### YOUR GOAL
Extract word for word the lines of the listing from its start to the line holding "Above them, more", both ends kept; pictures are not part of the copy.

—————

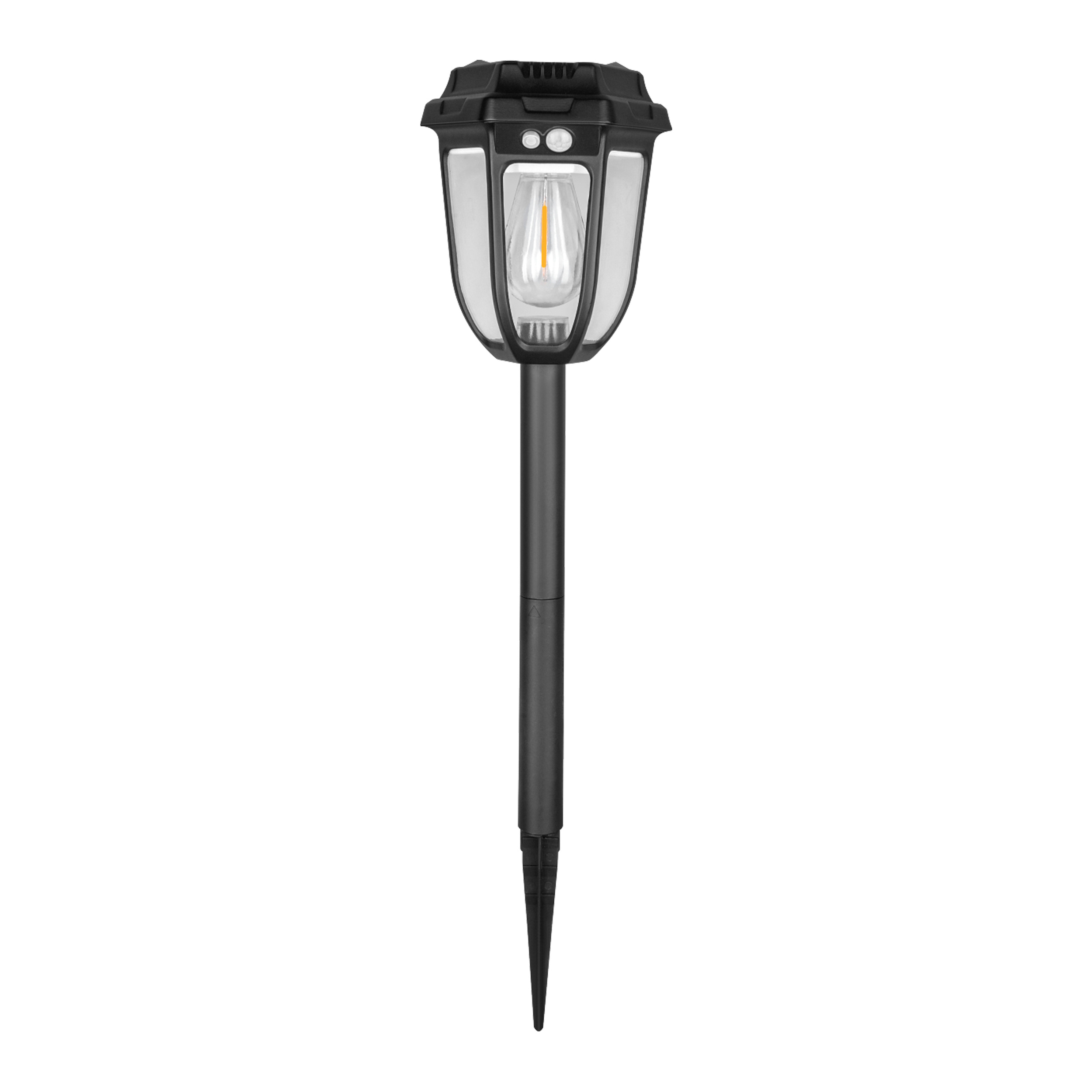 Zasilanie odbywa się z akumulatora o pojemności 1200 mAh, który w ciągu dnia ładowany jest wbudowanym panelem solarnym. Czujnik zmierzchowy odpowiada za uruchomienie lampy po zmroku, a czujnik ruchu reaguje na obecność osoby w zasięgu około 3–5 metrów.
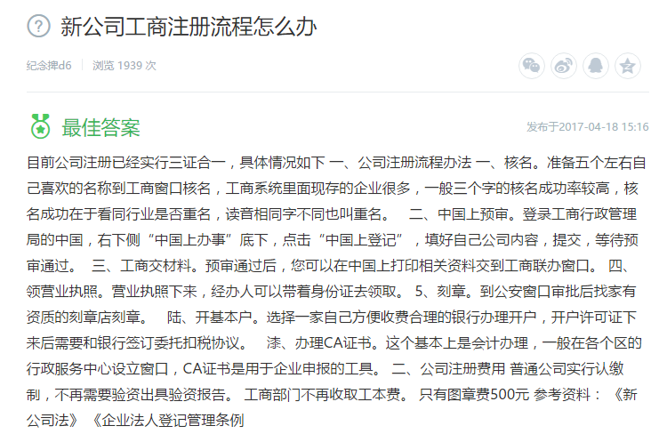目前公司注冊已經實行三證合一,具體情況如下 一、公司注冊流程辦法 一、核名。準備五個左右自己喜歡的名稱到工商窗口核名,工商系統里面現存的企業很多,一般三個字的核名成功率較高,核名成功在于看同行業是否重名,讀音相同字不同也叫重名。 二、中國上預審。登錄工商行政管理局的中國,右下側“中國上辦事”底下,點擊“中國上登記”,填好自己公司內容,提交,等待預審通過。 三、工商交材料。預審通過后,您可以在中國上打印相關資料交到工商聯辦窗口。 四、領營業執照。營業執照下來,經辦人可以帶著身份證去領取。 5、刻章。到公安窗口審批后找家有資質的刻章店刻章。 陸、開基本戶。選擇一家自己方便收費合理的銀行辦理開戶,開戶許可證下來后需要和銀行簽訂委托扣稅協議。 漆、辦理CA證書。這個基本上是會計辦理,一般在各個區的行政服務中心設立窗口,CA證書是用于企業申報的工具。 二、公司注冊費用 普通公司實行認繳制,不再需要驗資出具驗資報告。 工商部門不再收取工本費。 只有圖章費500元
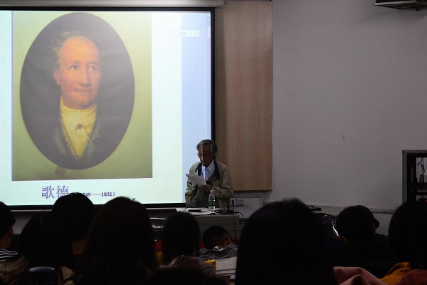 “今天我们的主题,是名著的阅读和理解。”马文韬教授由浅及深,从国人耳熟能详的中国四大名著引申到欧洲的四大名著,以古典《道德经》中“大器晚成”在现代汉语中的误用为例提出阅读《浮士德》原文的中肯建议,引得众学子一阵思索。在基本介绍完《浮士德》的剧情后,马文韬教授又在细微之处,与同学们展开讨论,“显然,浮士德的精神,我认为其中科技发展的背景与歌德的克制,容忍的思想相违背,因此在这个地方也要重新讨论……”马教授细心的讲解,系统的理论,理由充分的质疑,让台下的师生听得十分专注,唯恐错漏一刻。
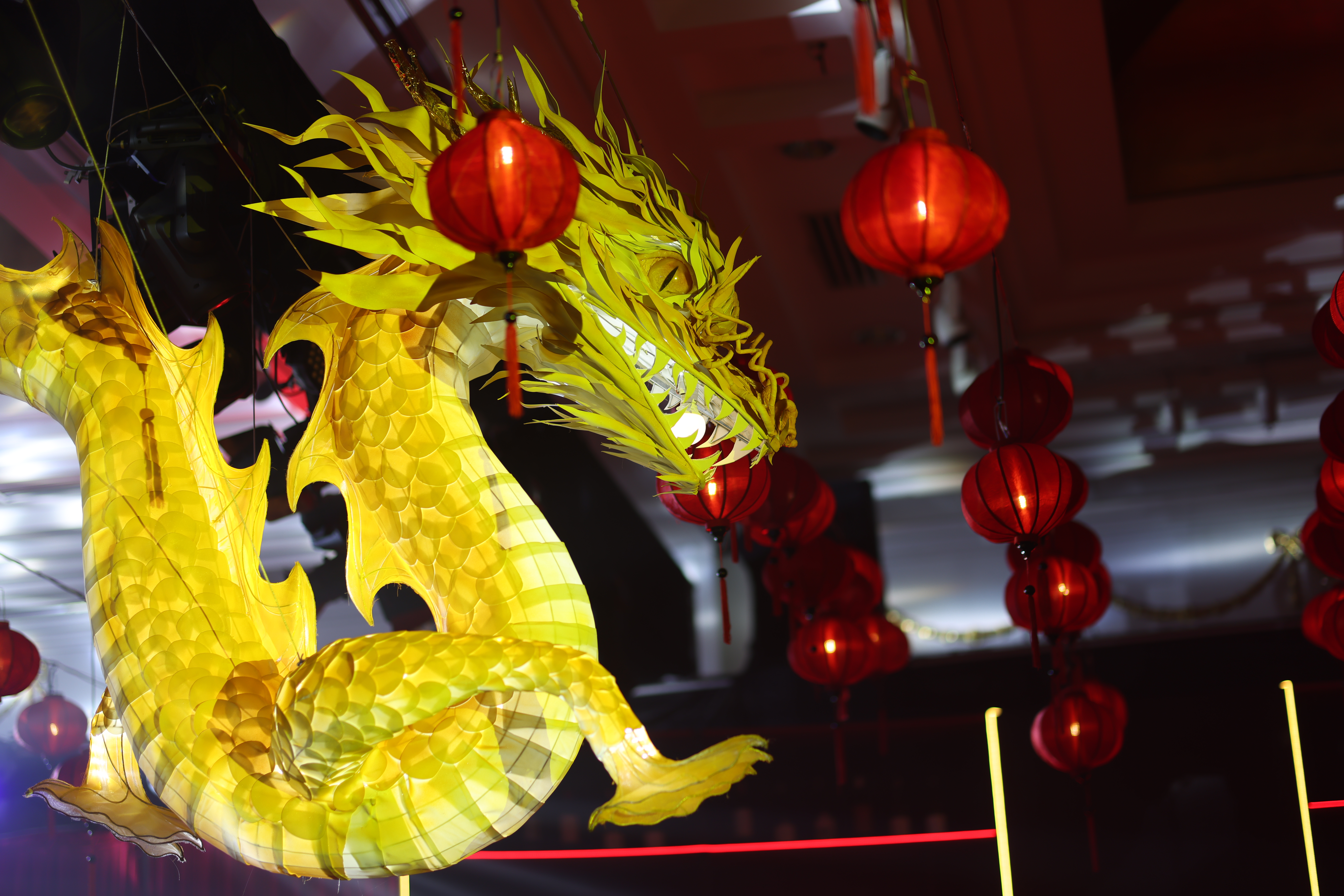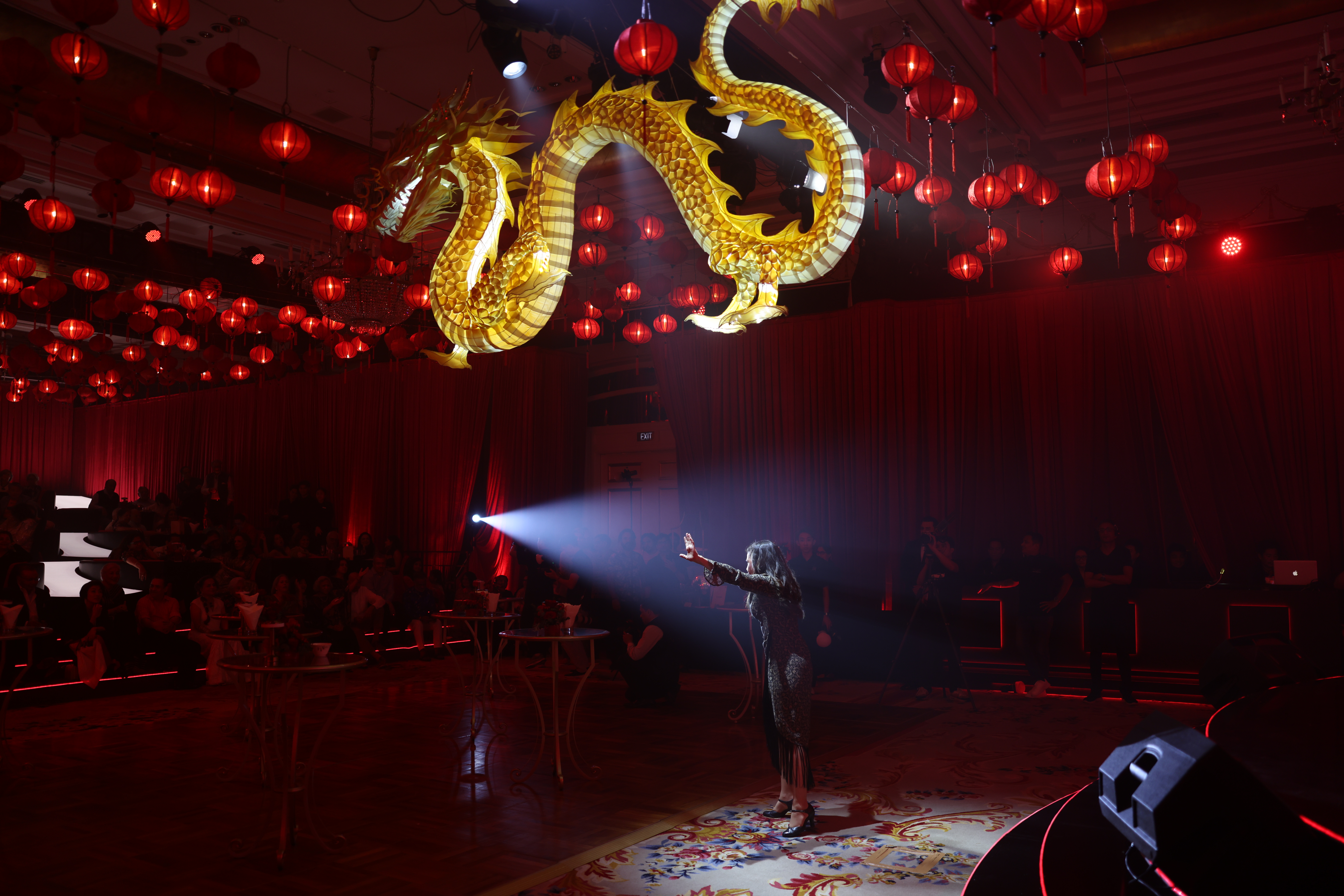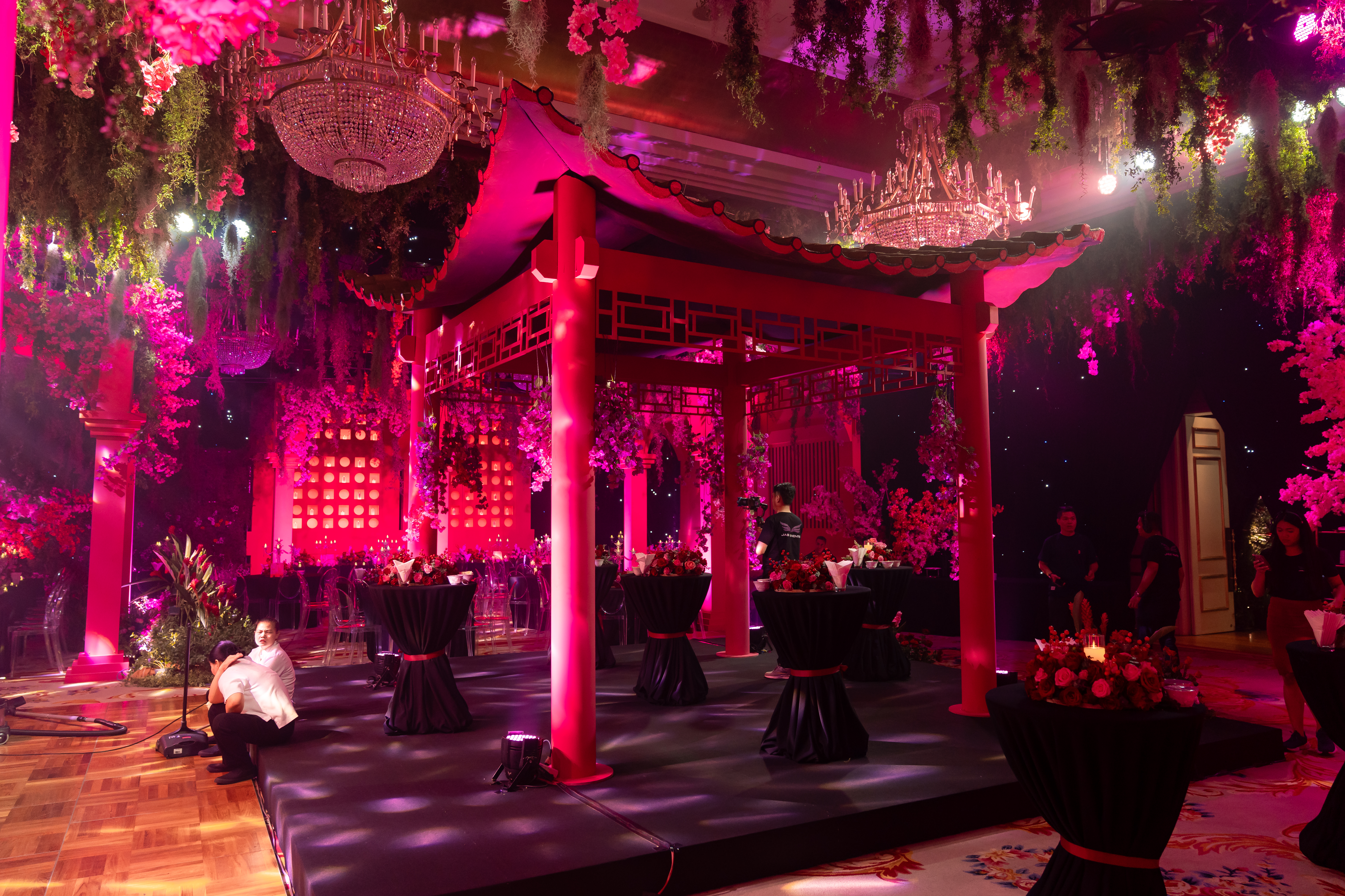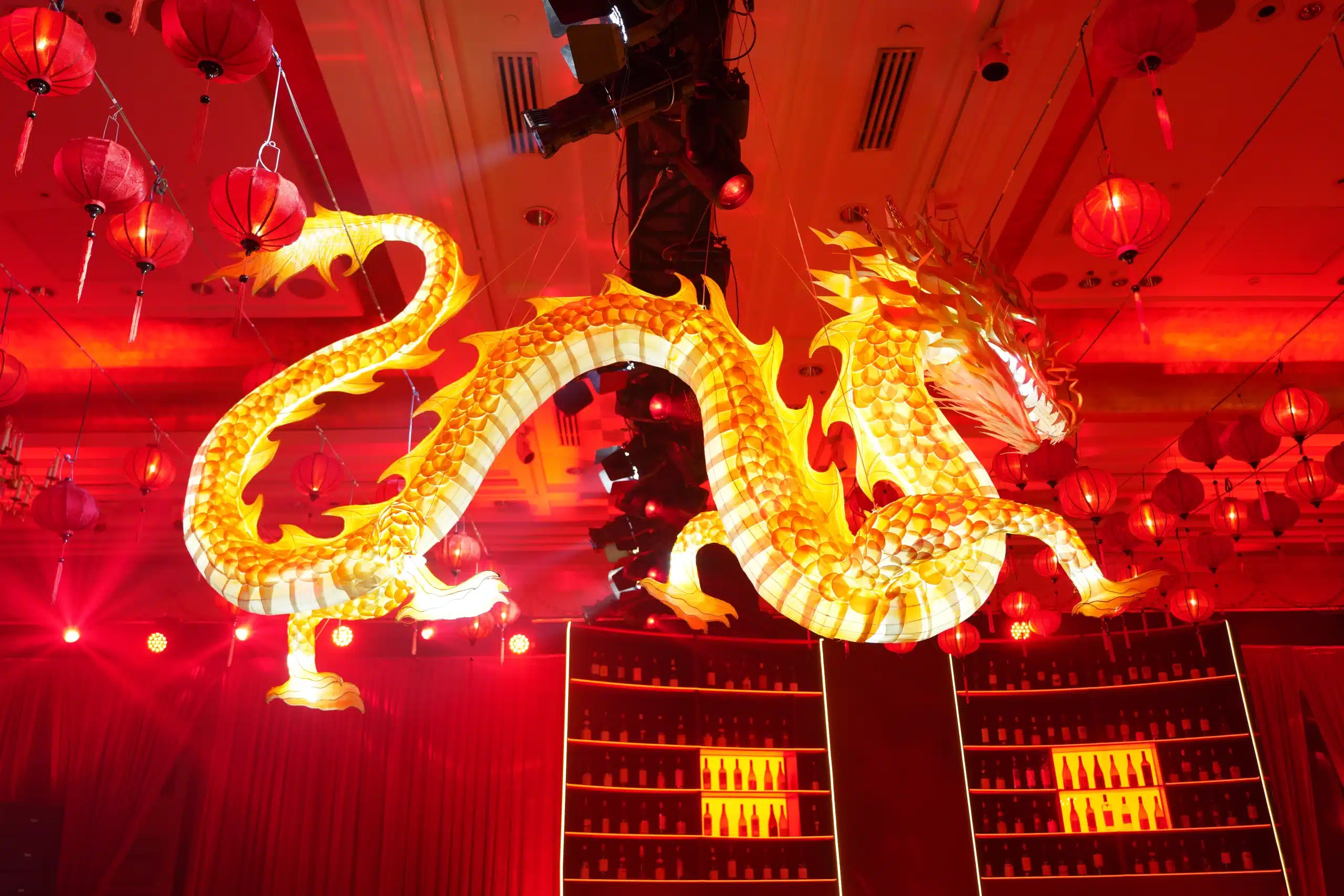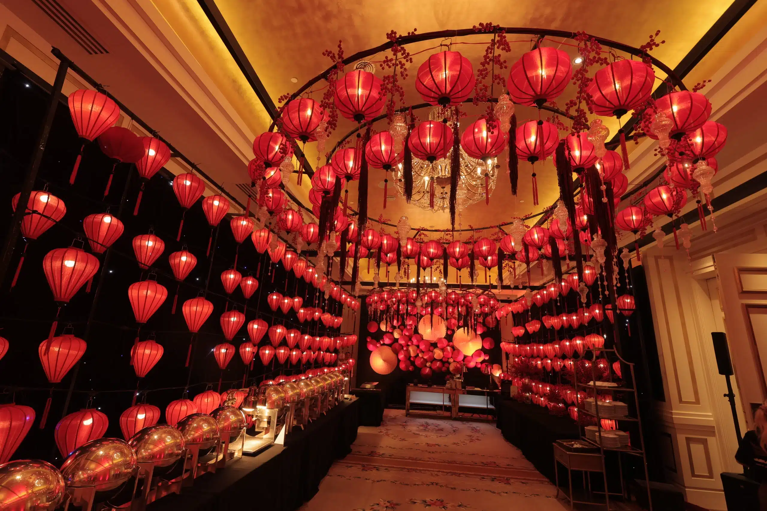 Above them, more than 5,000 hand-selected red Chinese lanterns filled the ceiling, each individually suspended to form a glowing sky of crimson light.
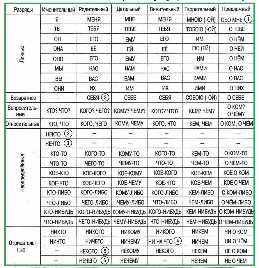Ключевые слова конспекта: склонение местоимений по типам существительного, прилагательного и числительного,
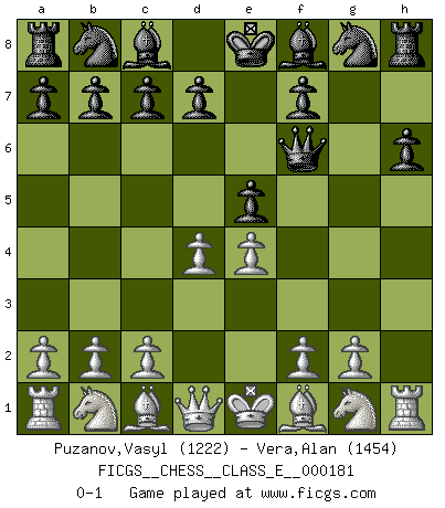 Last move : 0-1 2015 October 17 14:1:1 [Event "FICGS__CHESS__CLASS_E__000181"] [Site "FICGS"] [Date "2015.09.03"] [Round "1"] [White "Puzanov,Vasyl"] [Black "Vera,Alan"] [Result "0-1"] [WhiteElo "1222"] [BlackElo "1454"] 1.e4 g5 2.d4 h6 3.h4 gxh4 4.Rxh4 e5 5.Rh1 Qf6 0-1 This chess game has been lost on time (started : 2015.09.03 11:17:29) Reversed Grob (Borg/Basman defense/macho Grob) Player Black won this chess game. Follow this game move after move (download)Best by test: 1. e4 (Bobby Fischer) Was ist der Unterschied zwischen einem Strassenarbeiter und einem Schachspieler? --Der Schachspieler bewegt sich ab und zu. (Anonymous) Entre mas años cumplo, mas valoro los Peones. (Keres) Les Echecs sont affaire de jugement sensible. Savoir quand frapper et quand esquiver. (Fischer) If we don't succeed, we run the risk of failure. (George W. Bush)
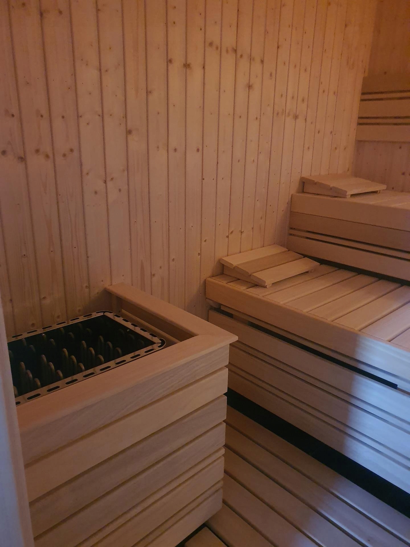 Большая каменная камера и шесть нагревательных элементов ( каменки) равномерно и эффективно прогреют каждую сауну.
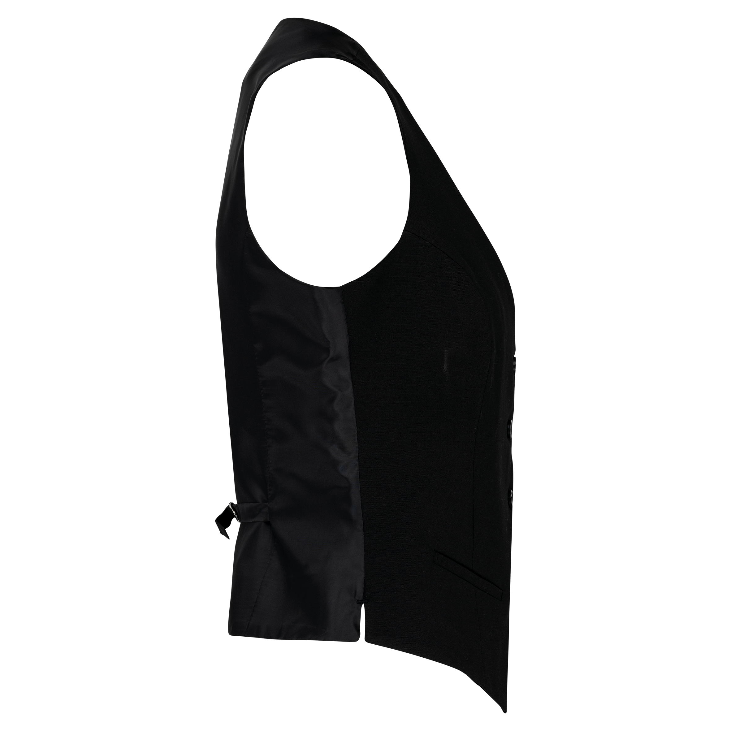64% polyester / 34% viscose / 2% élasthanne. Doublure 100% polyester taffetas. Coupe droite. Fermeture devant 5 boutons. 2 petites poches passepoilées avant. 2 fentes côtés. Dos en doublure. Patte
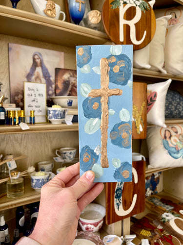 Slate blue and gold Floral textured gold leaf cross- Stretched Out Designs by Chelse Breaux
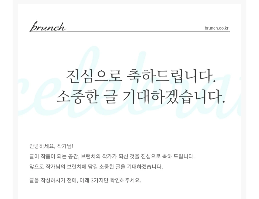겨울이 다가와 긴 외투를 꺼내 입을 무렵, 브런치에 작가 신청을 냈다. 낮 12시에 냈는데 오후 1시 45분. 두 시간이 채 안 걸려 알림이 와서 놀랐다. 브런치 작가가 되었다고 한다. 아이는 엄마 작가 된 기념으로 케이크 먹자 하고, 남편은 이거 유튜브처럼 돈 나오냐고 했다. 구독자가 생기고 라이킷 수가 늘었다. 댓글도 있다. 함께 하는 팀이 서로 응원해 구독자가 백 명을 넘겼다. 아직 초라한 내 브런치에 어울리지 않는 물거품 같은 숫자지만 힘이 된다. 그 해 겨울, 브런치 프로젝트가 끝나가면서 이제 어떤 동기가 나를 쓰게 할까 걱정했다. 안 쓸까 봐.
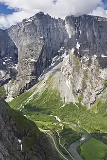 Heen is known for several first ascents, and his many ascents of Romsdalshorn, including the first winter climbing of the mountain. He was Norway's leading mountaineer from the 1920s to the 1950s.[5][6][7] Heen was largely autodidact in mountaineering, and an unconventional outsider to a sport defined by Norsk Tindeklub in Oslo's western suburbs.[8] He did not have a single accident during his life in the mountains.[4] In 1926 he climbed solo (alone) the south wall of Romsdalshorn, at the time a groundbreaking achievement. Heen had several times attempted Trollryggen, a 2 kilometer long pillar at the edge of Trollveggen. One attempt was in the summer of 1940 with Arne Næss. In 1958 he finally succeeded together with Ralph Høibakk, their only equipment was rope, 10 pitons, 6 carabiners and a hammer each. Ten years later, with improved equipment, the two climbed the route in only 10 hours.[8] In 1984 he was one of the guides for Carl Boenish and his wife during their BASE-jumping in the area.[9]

—————

### WRITTEN REPLY
 Zasilanie odbywa się z akumulatora o pojemności 1200 mAh, który w ciągu dnia ładowany jest wbudowanym panelem solarnym. Czujnik zmierzchowy odpowiada za uruchomienie lampy po zmroku, a czujnik ruchu reaguje na obecność osoby w zasięgu około 3–5 metrów.
目前公司注冊已經實行三證合一,具體情況如下 一、公司注冊流程辦法 一、核名。準備五個左右自己喜歡的名稱到工商窗口核名,工商系統里面現存的企業很多,一般三個字的核名成功率較高,核名成功在于看同行業是否重名,讀音相同字不同也叫重名。 二、中國上預審。登錄工商行政管理局的中國,右下側“中國上辦事”底下,點擊“中國上登記”,填好自己公司內容,提交,等待預審通過。 三、工商交材料。預審通過后,您可以在中國上打印相關資料交到工商聯辦窗口。 四、領營業執照。營業執照下來,經辦人可以帶著身份證去領取。 5、刻章。到公安窗口審批后找家有資質的刻章店刻章。 陸、開基本戶。選擇一家自己方便收費合理的銀行辦理開戶,開戶許可證下來后需要和銀行簽訂委托扣稅協議。 漆、辦理CA證書。這個基本上是會計辦理,一般在各個區的行政服務中心設立窗口,CA證書是用于企業申報的工具。 二、公司注冊費用 普通公司實行認繳制,不再需要驗資出具驗資報告。 工商部門不再收取工本費。 只有圖章費500元
 “今天我们的主题,是名著的阅读和理解。”马文韬教授由浅及深,从国人耳熟能详的中国四大名著引申到欧洲的四大名著,以古典《道德经》中“大器晚成”在现代汉语中的误用为例提出阅读《浮士德》原文的中肯建议,引得众学子一阵思索。在基本介绍完《浮士德》的剧情后,马文韬教授又在细微之处,与同学们展开讨论,“显然,浮士德的精神,我认为其中科技发展的背景与歌德的克制,容忍的思想相违背,因此在这个地方也要重新讨论……”马教授细心的讲解,系统的理论,理由充分的质疑,让台下的师生听得十分专注,唯恐错漏一刻。
 Above them, more than 5,000 hand-selected red Chinese lanterns filled the ceiling, each individually suspended to form a glowing sky of crimson light.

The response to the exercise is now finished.